ASSIGNED TASK: What you return must be the lines from the first one below through the one containing "L形匹配電路:這類電路具有線", exactly and with pictures excluded.

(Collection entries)
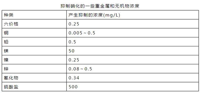 某些重金屬離子、絡合陰離子、氰化物以及一些有機物質會干擾或破壞硝化細菌的正常生理活動。當這些物質在污水中的濃度較高,便會抑制生物硝化的正常運行。例如,當鉛離子大于0.5mg/L、酚大于5.6mg/L、硫脲大于0.076mg/L時,硝化均會受到抑制。有趣的是,當NH3-N濃度大于200mg/L時,也會對硝化過程產生抑制,但城市污水中一般不會有如此高的NH3-N濃度。
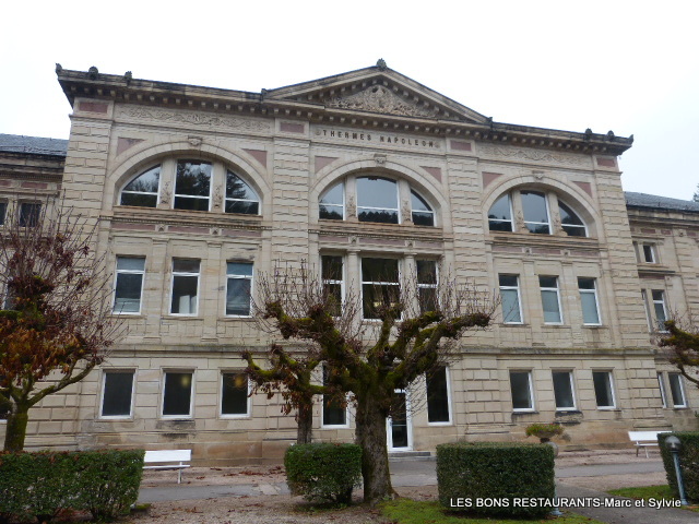 Edifiés au dessus de sources chaudes, les thermes et son grand hôtel, situés avenue des États-Unis, constituent un ensemble unique en France. Vous pouvez voir ou revoir notre balade vosgienne depuis le début en cliquant sur ce lien! Cliquez sur les photos pour les agrandir! (10 clichés) Construits à Plombières en 1857 sur l'initiative de Napoléon III, les "nouveaux" thermes sont flanqués de part et d'autre, de deux grands hôtels.
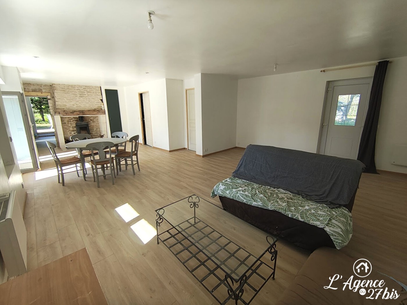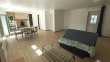 Elle se compose au rez de chaussée d'une cuisine aménagée et équipée avec accès direct à la terrasse par une baie à galandage, un salon séjour lumineux avec poêle à bois, un WC et une salle d'eau.
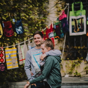 couple in front of green wall
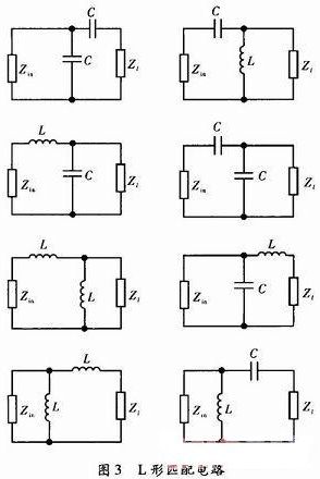 L形匹配電路:這類電路具有線路簡潔和成本較低的優(yōu)點,缺點是窄帶電路。由于要考慮匹配和功率的損耗,盡量使用電感和電容性的元件,因此共有8種基本的電路可供選擇。要設(shè)計合理的匹配電路就要選擇合適的電容電抗元件參數(shù),計算元件參數(shù)有兩類方法:通過阻抗直接計算和通過史密斯圓圖。前者的優(yōu)點是計算精確且適合計算機計算,后者是一種直觀有效的設(shè)計,可以充分合理地選擇最優(yōu)性能。現(xiàn)在可以通過使用計算機和功能強大的軟件直接設(shè)計。
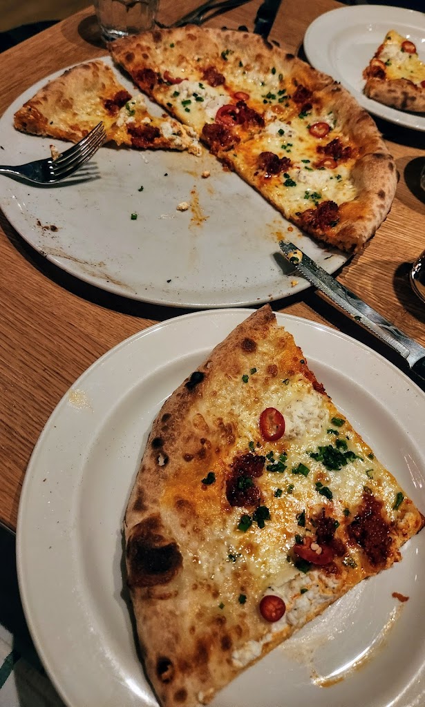 The space is beautiful and the cocktails and dessert were good but service and food was just okay. The portion sizes especially are ridiculous and we werent warned that some of the appetizers werent shareable. Also for a place that doesnt slice their pizza as theyre originally Italian, the menu is a random mix of different European regions and the pizza itself while okay, definitely didnt taste super authentic.

SOLUTION TO THIS PROBLEM:
 某些重金屬離子、絡合陰離子、氰化物以及一些有機物質會干擾或破壞硝化細菌的正常生理活動。當這些物質在污水中的濃度較高,便會抑制生物硝化的正常運行。例如,當鉛離子大于0.5mg/L、酚大于5.6mg/L、硫脲大于0.076mg/L時,硝化均會受到抑制。有趣的是,當NH3-N濃度大于200mg/L時,也會對硝化過程產生抑制,但城市污水中一般不會有如此高的NH3-N濃度。
 Edifiés au dessus de sources chaudes, les thermes et son grand hôtel, situés avenue des États-Unis, constituent un ensemble unique en France. Vous pouvez voir ou revoir notre balade vosgienne depuis le début en cliquant sur ce lien! Cliquez sur les photos pour les agrandir! (10 clichés) Construits à Plombières en 1857 sur l'initiative de Napoléon III, les "nouveaux" thermes sont flanqués de part et d'autre, de deux grands hôtels.
 Elle se compose au rez de chaussée d'une cuisine aménagée et équipée avec accès direct à la terrasse par une baie à galandage, un salon séjour lumineux avec poêle à bois, un WC et une salle d'eau.
 couple in front of green wall
 L形匹配電路:這類電路具有線路簡潔和成本較低的優(yōu)點,缺點是窄帶電路。由于要考慮匹配和功率的損耗,盡量使用電感和電容性的元件,因此共有8種基本的電路可供選擇。要設(shè)計合理的匹配電路就要選擇合適的電容電抗元件參數(shù),計算元件參數(shù)有兩類方法:通過阻抗直接計算和通過史密斯圓圖。前者的優(yōu)點是計算精確且適合計算機計算,后者是一種直觀有效的設(shè)計,可以充分合理地選擇最優(yōu)性能。現(xiàn)在可以通過使用計算機和功能強大的軟件直接設(shè)計。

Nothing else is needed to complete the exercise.